Судя по фамилии, это письмо от деда. Что за подпись такая: «Зимин А.» А как его звали? И тут спохватилась: ну и дурочка же я. Мама ведь Елена Андреевна, значит, её отец был Зимин Андрей. Что-то это имя меня преследует. Я ещё раз перечитала письмо и почему-то вдруг заплакала.

Иногда телефон оживает так неожиданно и громко, что я вздрагиваю.

– Оля, привет!

– Привет, Ген.

– Что ты не звонишь? Куда пропала?

– Я же тебе говорила: у меня бабушка умерла. Были похороны. Ну и дела всякие. Знаешь, я тут решила на время переехать в её комнату и пожить немного одна.

– Напомни, пожалуйста, где она жила? – ненавижу, когда он говорит со мной, как с клиенткой, официальными отшлифованными словами.

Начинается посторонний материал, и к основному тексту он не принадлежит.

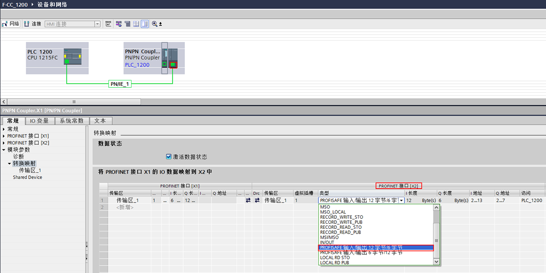 创建一个新项目,并通过“添加新设备”组态 S7-1200 站,在网络视图中配置PN Coupler。鼠标左键点中PN Coupler 左侧X2网络接口,按住鼠标拖拽连接到CPU1215FC的PROFINET接口,这样PN Coupler的PROFINET接口X1就连接到CPI1215FC上。然后设置X2接口的IP地址和设备名称,操作方法与前面的都是相同的,只是不需要再对PN Coupler上的PROFINET X1接口进行配置。之后在“转换映射”中创建“传输区_1”,在PROFINET接口[X2]下面类型选择“PROFISAFE输入/输出 12字节/6字节”,如图 22 所示。
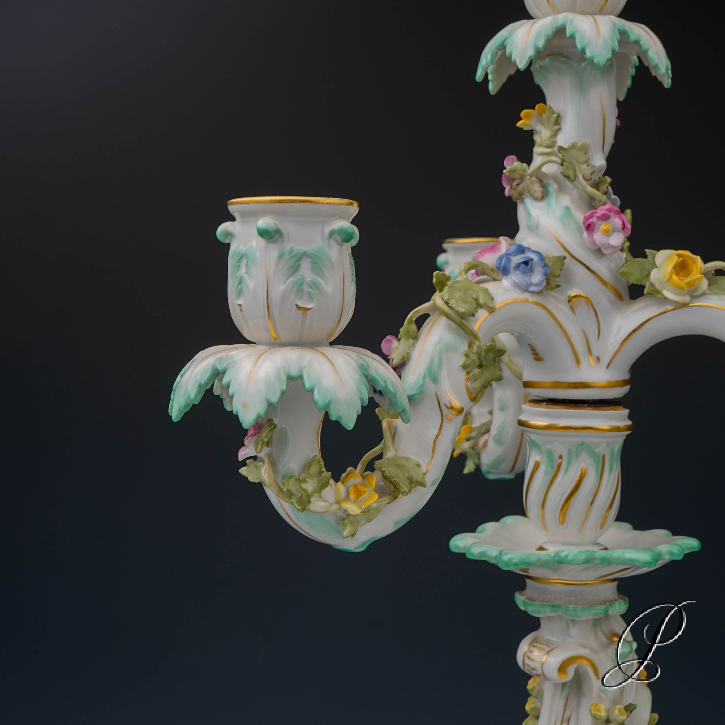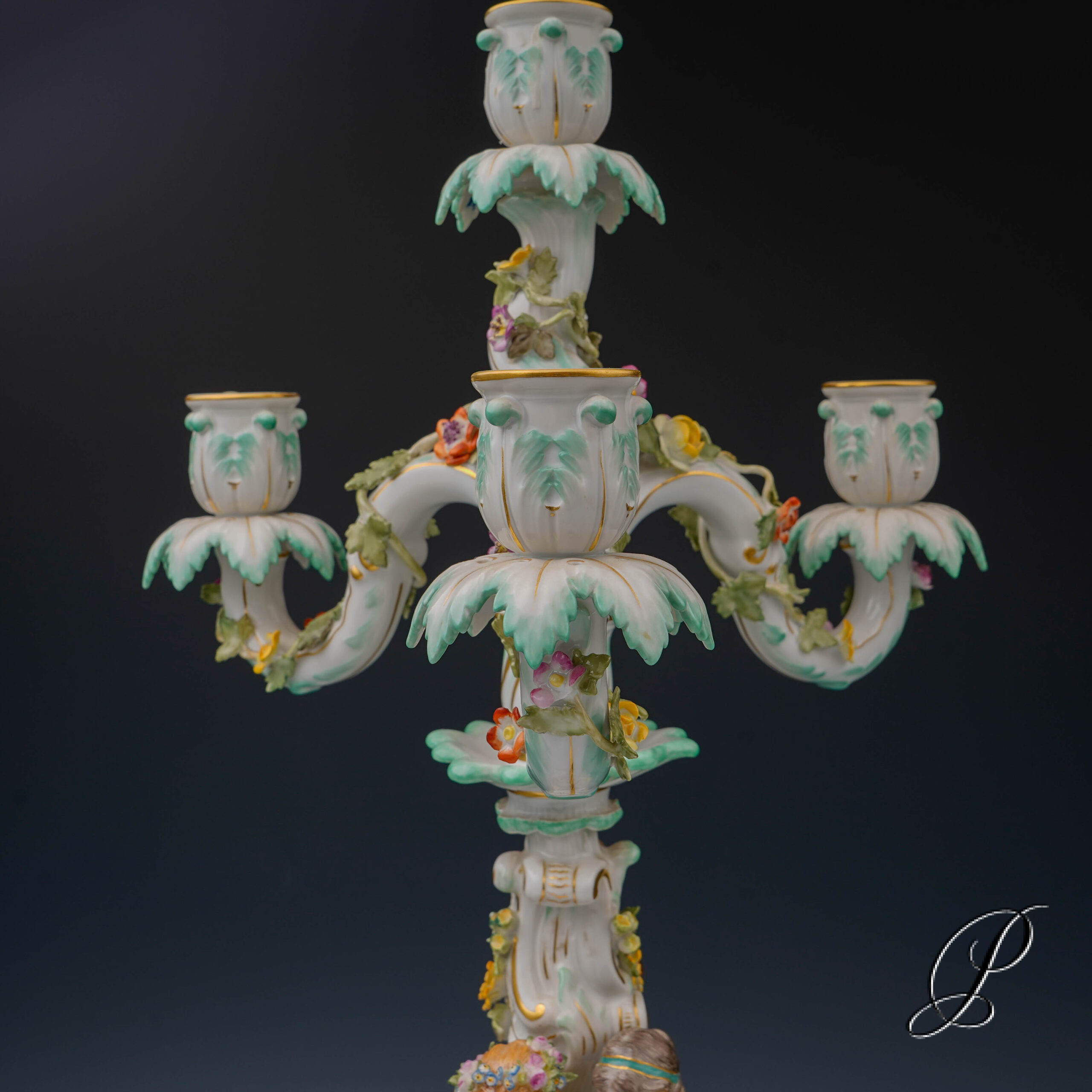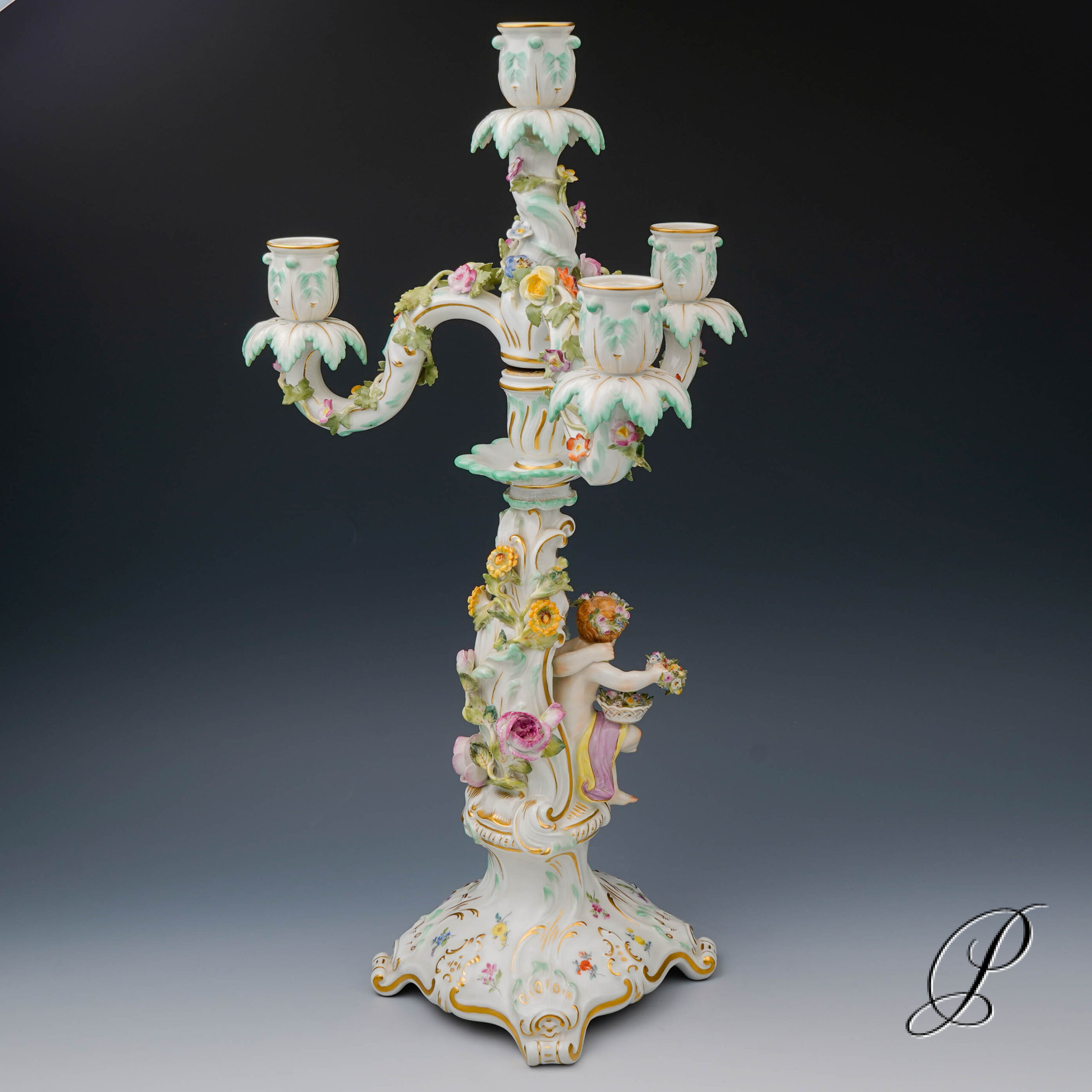 Ins Angebot kommt ein großer 4 flammiger Leuchter von Meissen.

– В десяти минутах от Чернышевской.

– Так ты теперь у меня невеста с приданым? Однушка в центре – это, знаешь ли, не плохо, – смеётся он новым своим московским смехом, в котором слышится шуршание денежных купюр.

– Нет, Ген, это коммуналка, не отдельная, – оправдываюсь я, и уже чувствую, что зря сказала, надо было не уточнять.

– Коммуналка? Оленька, ну ты что же делаешь! То есть я в Москве такие деньги за хорошую квартиру плачу, а ты – в коммуналке?!

И ещё пять минут причитаний и выговоров по поводу зря потраченных денег, усилий, планов.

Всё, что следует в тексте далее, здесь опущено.